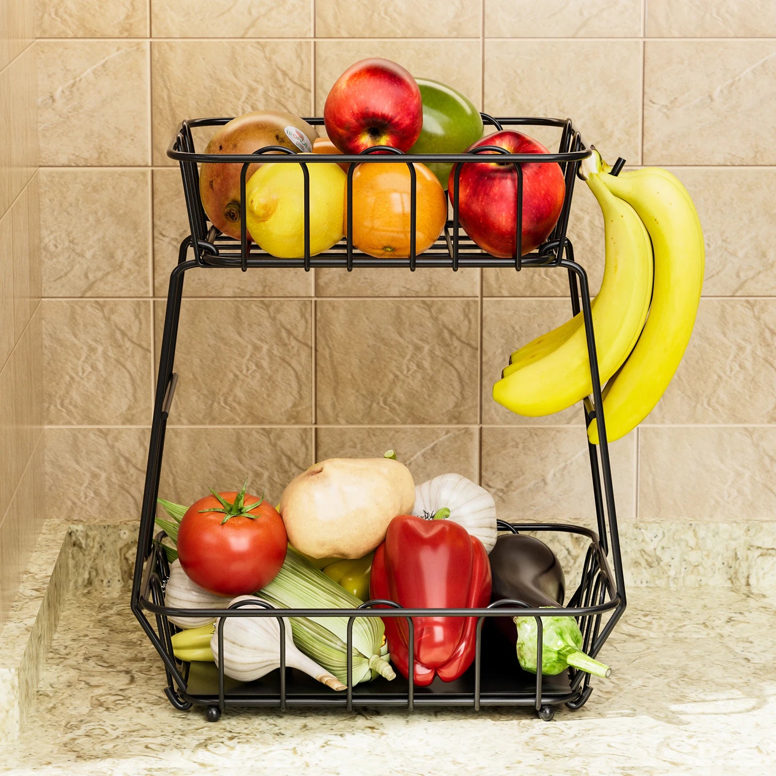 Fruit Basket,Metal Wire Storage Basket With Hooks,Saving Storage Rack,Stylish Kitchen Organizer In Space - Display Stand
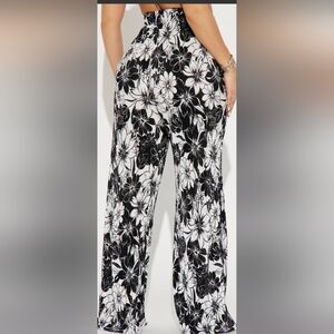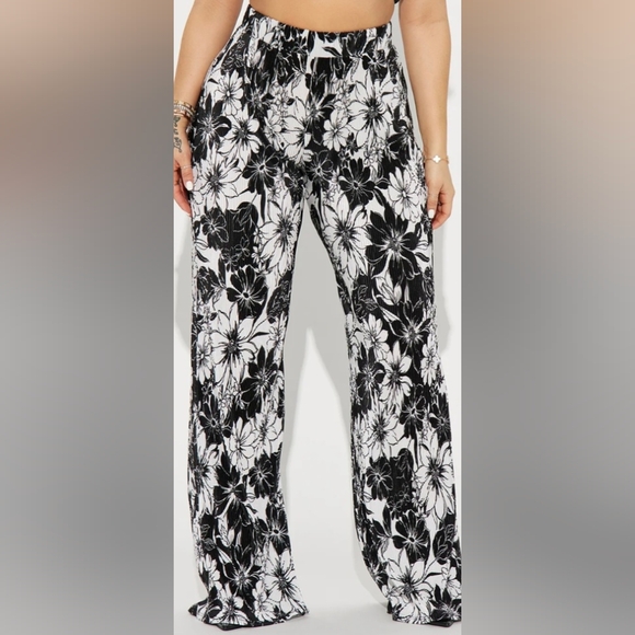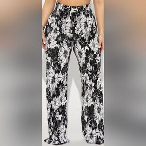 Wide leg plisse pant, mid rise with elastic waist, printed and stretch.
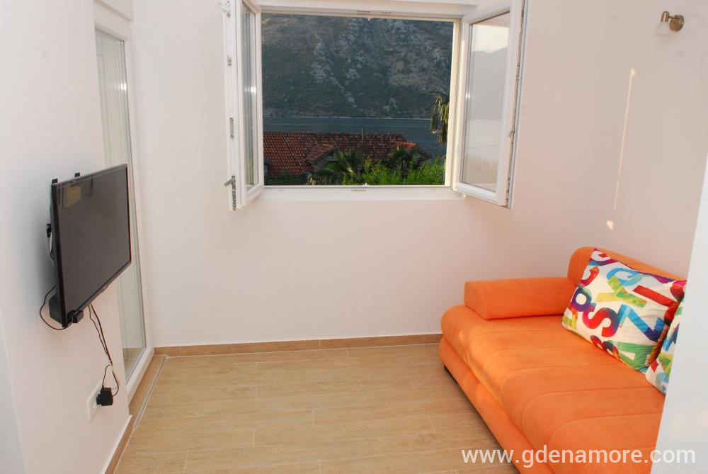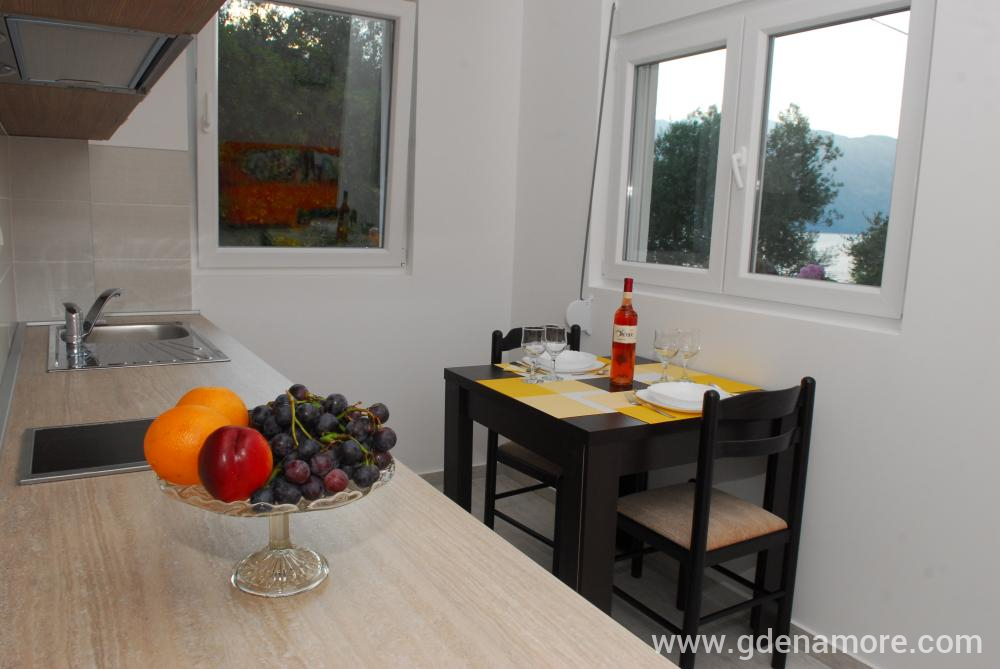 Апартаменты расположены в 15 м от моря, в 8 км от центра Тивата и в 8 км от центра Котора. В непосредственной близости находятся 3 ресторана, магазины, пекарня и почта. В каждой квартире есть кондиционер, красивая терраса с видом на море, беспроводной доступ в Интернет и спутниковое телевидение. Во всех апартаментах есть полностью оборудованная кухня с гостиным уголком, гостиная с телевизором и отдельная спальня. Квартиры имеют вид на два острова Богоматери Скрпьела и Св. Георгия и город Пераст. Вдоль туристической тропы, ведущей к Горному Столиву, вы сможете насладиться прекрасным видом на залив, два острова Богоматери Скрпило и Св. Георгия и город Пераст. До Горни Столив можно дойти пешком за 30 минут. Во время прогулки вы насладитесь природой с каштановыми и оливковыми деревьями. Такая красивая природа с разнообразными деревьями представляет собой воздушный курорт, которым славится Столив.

══════

### WHAT YOU WILL DO
Return the listing exactly as it appears, excluding any image.

### YOUR SOLUTION
 Fruit Basket,Metal Wire Storage Basket With Hooks,Saving Storage Rack,Stylish Kitchen Organizer In Space - Display Stand
 Wide leg plisse pant, mid rise with elastic waist, printed and stretch.
 Апартаменты расположены в 15 м от моря, в 8 км от центра Тивата и в 8 км от центра Котора. В непосредственной близости находятся 3 ресторана, магазины, пекарня и почта. В каждой квартире есть кондиционер, красивая терраса с видом на море, беспроводной доступ в Интернет и спутниковое телевидение. Во всех апартаментах есть полностью оборудованная кухня с гостиным уголком, гостиная с телевизором и отдельная спальня. Квартиры имеют вид на два острова Богоматери Скрпьела и Св. Георгия и город Пераст. Вдоль туристической тропы, ведущей к Горному Столиву, вы сможете насладиться прекрасным видом на залив, два острова Богоматери Скрпило и Св. Георгия и город Пераст. До Горни Столив можно дойти пешком за 30 минут. Во время прогулки вы насладитесь природой с каштановыми и оливковыми деревьями. Такая красивая природа с разнообразными деревьями представляет собой воздушный курорт, которым славится Столив.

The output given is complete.